Possibilita-se, assim, a produção de decisões mais adequadas e legítimas do ponto de vista do Estado Democrático de Direito.
O vigente Código de Processo Civil inovou ao incorporar ao ordenamento jurídico nacional regramento geral para o instituto no âmbito da jurisdição civil.
É extremamente salutar que a Corte reflita com vagar sobre as vascularidades existentes entre o regramento das ações de controle de constitucionalidade perante o Supremo Tribunal Federal e o Processo Civil em geral, especialmente no que diz respeito à legitimidade recursal, etc.
De um lado, tem-se a necessidade de relevância da matéria, a especificidade do tema objeto da demanda ou a repercussão social da controvérsia. De outro, a representatividade adequada do amicus curiae.
A relevância da matéria e repercussão social da matéria evidenciam-se pelo próprio conhecimento da Ação Declaratória, que exige a “controvérsia judicial relevante” (art. 14, par. único, da Lei 9.868/99).

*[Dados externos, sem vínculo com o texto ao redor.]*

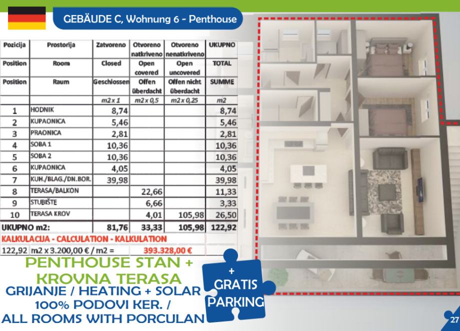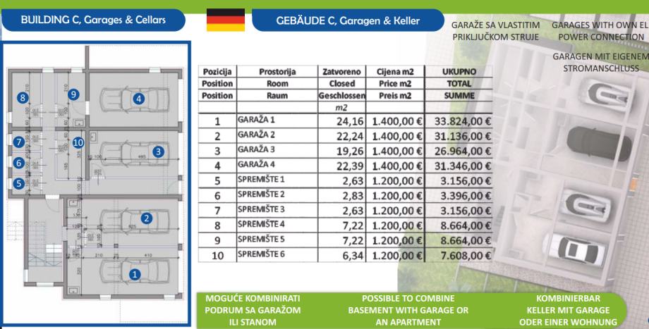 Sve 3 zgrade su građene kvalitetnim sustavom gradnje i sastoje se od protupotresne armirano betonske konstrukcije. Unutarnji zidovi i stropovi su izvedeni fino glatkim površinama uz milimetarsku toleranciju. Vanjski zidovi su kvalitetno izolirani sa 10cm termoizolacije, te sadrže pored klasične žbuke i vodoodbojnu završnu žbuku u boji. Sve zgrade posjeduju energetski cerfikat A+. Svi stanovi su opremljeni visokokvalitetnim PVC prozorima i vrama sa ALU roletama na struju, te rolo komarnicima. Vanjska stolarija je kvalitetno ugrađena po sistemu RAL i izolirana, te su ugrađena ISO stakla punjena plinom. Svaki stan ima zaseban priključak vode i struje sa dovoljno snage prema površini stana. Elektroinstalacije su izvedene prema najvišem standardu, te sadrže modernu seriju prekidača i učnica proizvođača TEM Modul. Unutarnja i vanjska rasvjeta je riješena sa LED tehnologijom. Svaki stan ima mogućnost spajanja vlastog telefonskog i internet priključka, ali može i zajedničku internet konekciju koris. Svaka zgrada posjeduje video nadzor, te vlasnici stanova dobiju pristup. Grijanje i hlađenje je riješeno pomoću kvalitetnih klima uređaja zasebno u svakom stanu. Grijanje tople vode se vrši pomoću vlastog bojlera u svakom stanu. Sanitarije i sanitarna oprema je ugrađena od renomiranih europskih proizvođača, te je spremna za korištenje. Stanovi se ne opremaju namještajem osim sanitarija i sanitarne opreme u kupaonicama. U kupaonicama su ugrađene vrhunske porculanske keramičke pločice. Podovi u svakom stanu su opremljeni vrhunskim porulanskim keramičkim pločicama, te su podovi u sobama opremljeni vodoodbojnim materijalom nalik laminata u imitaciji drveta. Penthouse stanovi u zgradi A i C su dodatno opremljeni podnim grijanjem u kompletnom stanu, koje je pogonjeno od dizalice topline. Topla voda se zagrijava pomoću solarnih sustava na krovu i električnog bojlera. Podovi su kompletno opremljeni porculanskim keramičkim ploičicama i u sobama. Svaki penthouse stan ima svoj izlaz na krovnu terasu, koju može koris u privatne svrhe.

As entidades que requerem o ingresso são todas, conforme trechos grifados no relatório, representantes de setores econômicos atingidos pela decisão e especificamente interessadas na interpretação e modulação dos seus efeitos, objeto dos Embargos de Declaração.
Resta evidente, portanto, a existência de pertinência entre as suas finalidades e a controvérsia dos autos. Desse modo, entendo serem legítimas as suas intervenções como amicus curiae, sobretudo em virtude da possibilidade de sua contribuição relevante, direta e imediata para tema em pauta.” (grifos nossos)
9. Parece-nos clara a necessidade de manifestação da Suprema Corte quanto aos pontos levantados nos embargos de declaração opostos à ADC 49, de modo a esclarecer seus efeitos – e, possivelmente, modulá-los – e proporcionar a segurança jurídica necessária, tanto a contribuintes como aos fiscos, quanto aos pontos objeto da presente consulta.
10. Além disso, é importante notar que o artigo 28 da Lei Federal nº 9.868/1999 estabelece que a eficácia normativa e efeito vinculante dos julgamentos realizados pelo STF em ações de controle concentrado de constitucionalidade advêm de seu caráter definitivo, capaz de manter ou excluir a referida norma do ordenamento jurídico, o que, s.m.j., não nos parece ser o caso do acórdão publicado nos autos da ADC 49, diante das admissões de ingresso de entidades como amicus curiae e da oposição dos Embargos Declaratórios, os quais, conforme §4º do artigo 1024 do CPC, podem implicar modificação da decisão embargada.
11. Assim, enquanto não proferida a decisão final dos embargos de declaração em tela, e tendo em vista a legislação vigente do imposto (Lei Complementar nº 87/1996, Lei Estadual nº 6.374/1989 e RICMS/2000) e a natureza vinculada da atividade fiscalizatória (Código Tributário Nacional), entendemos que permanecem aplicáveis as atuais disposições legais condicionantes ao correto aproveitamento do crédito nas transferências entre estabelecimentos pertencentes ao mesmo titular. […]”
5. Nestes termos, considera-se respondido o questionamento da Consulente.